DATA EXTRACT:
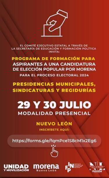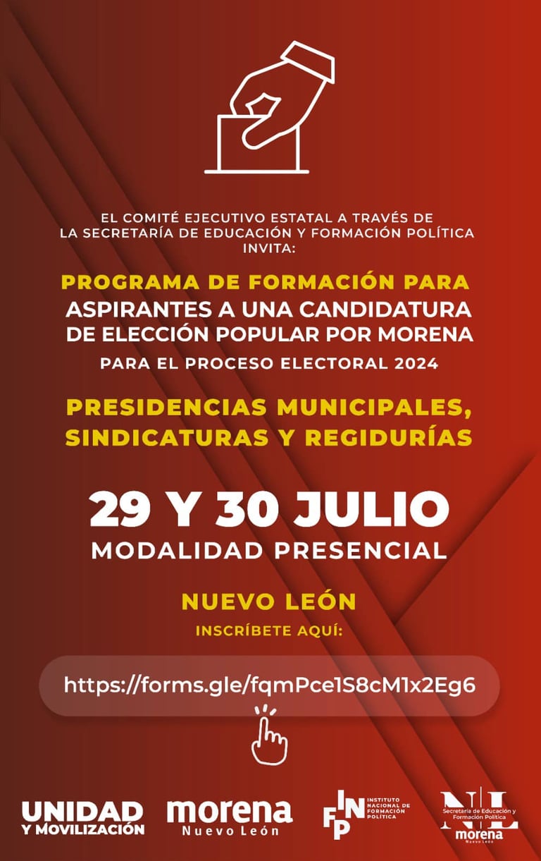 El comité ejecutivo Estatal de Nuevo León a través de la Secretaría de Formación y Educación Política Invita al: Programa de Formación para aspirantes a una candidatura de elección popular de Morena para el proceso electoral del 2024
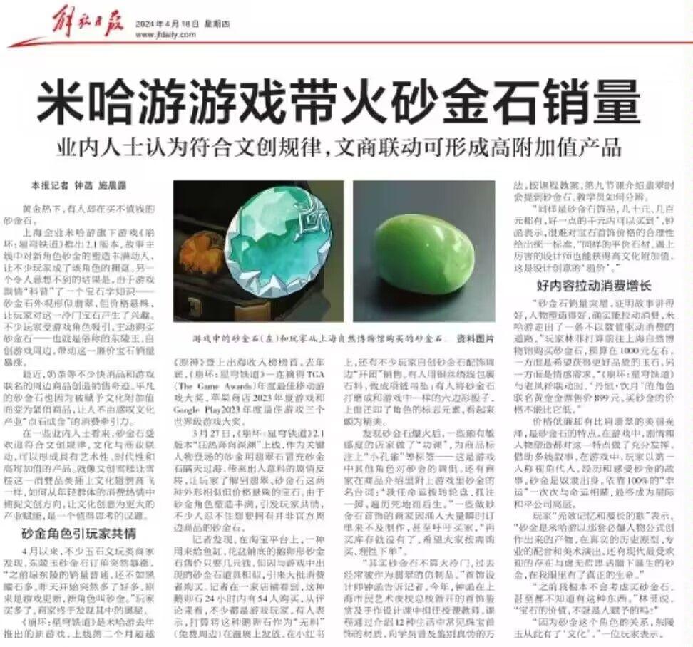 寶石產生了興趣。不少玩家受到遊戲角色吸引,主動購買砂金石——也就是俗稱的東陵玉,
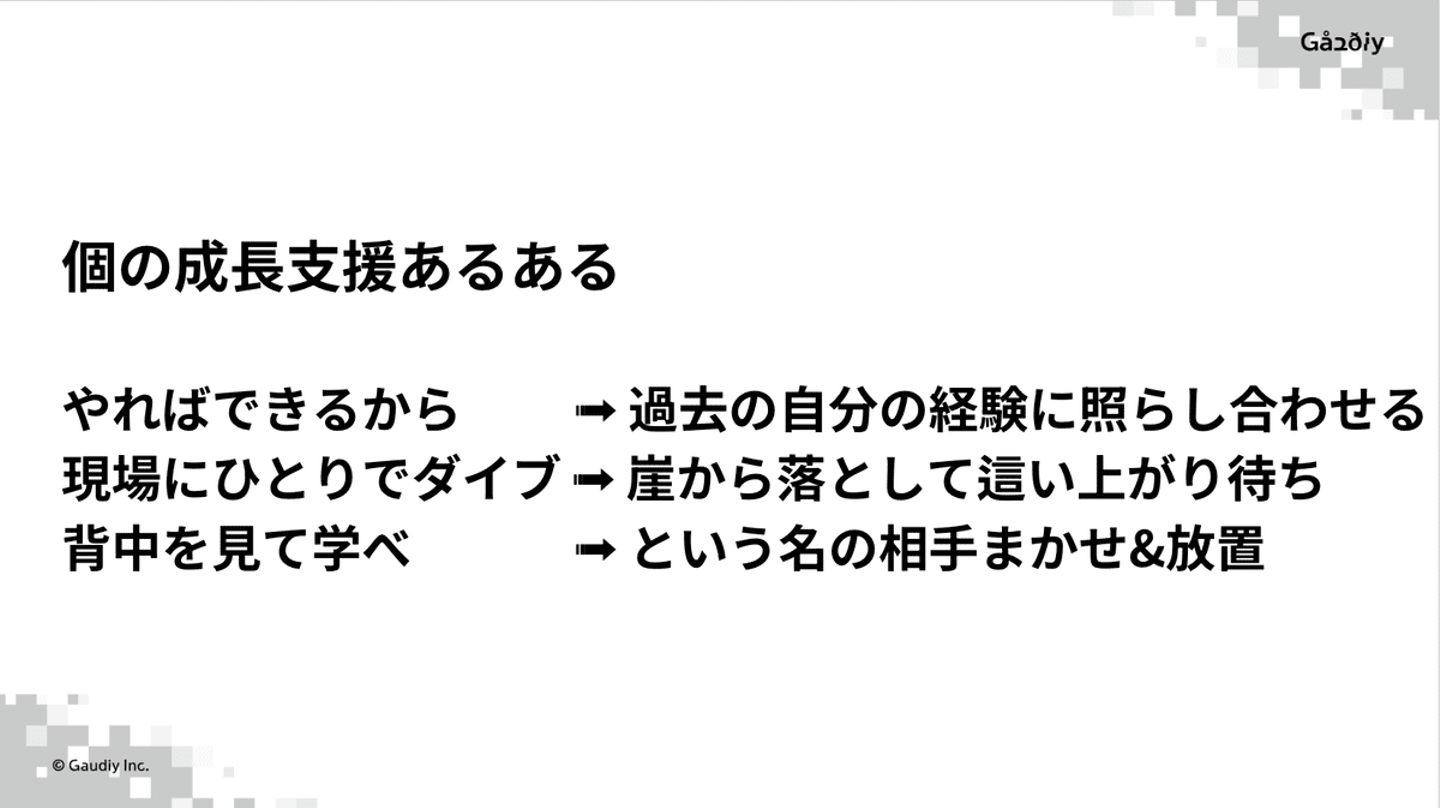 ちょうどその頃、GaudiyのHRチームも、まさに個の成長支援の壁に直面していました。

WORK TO COMPLETE: If pictures appear in the data, omit them and copy all other parts exactly.

RESULT FOR THIS EXERCISE:
 El comité ejecutivo Estatal de Nuevo León a través de la Secretaría de Formación y Educación Política Invita al: Programa de Formación para aspirantes a una candidatura de elección popular de Morena para el proceso electoral del 2024
 寶石產生了興趣。不少玩家受到遊戲角色吸引,主動購買砂金石——也就是俗稱的東陵玉,
 ちょうどその頃、GaudiyのHRチームも、まさに個の成長支援の壁に直面していました。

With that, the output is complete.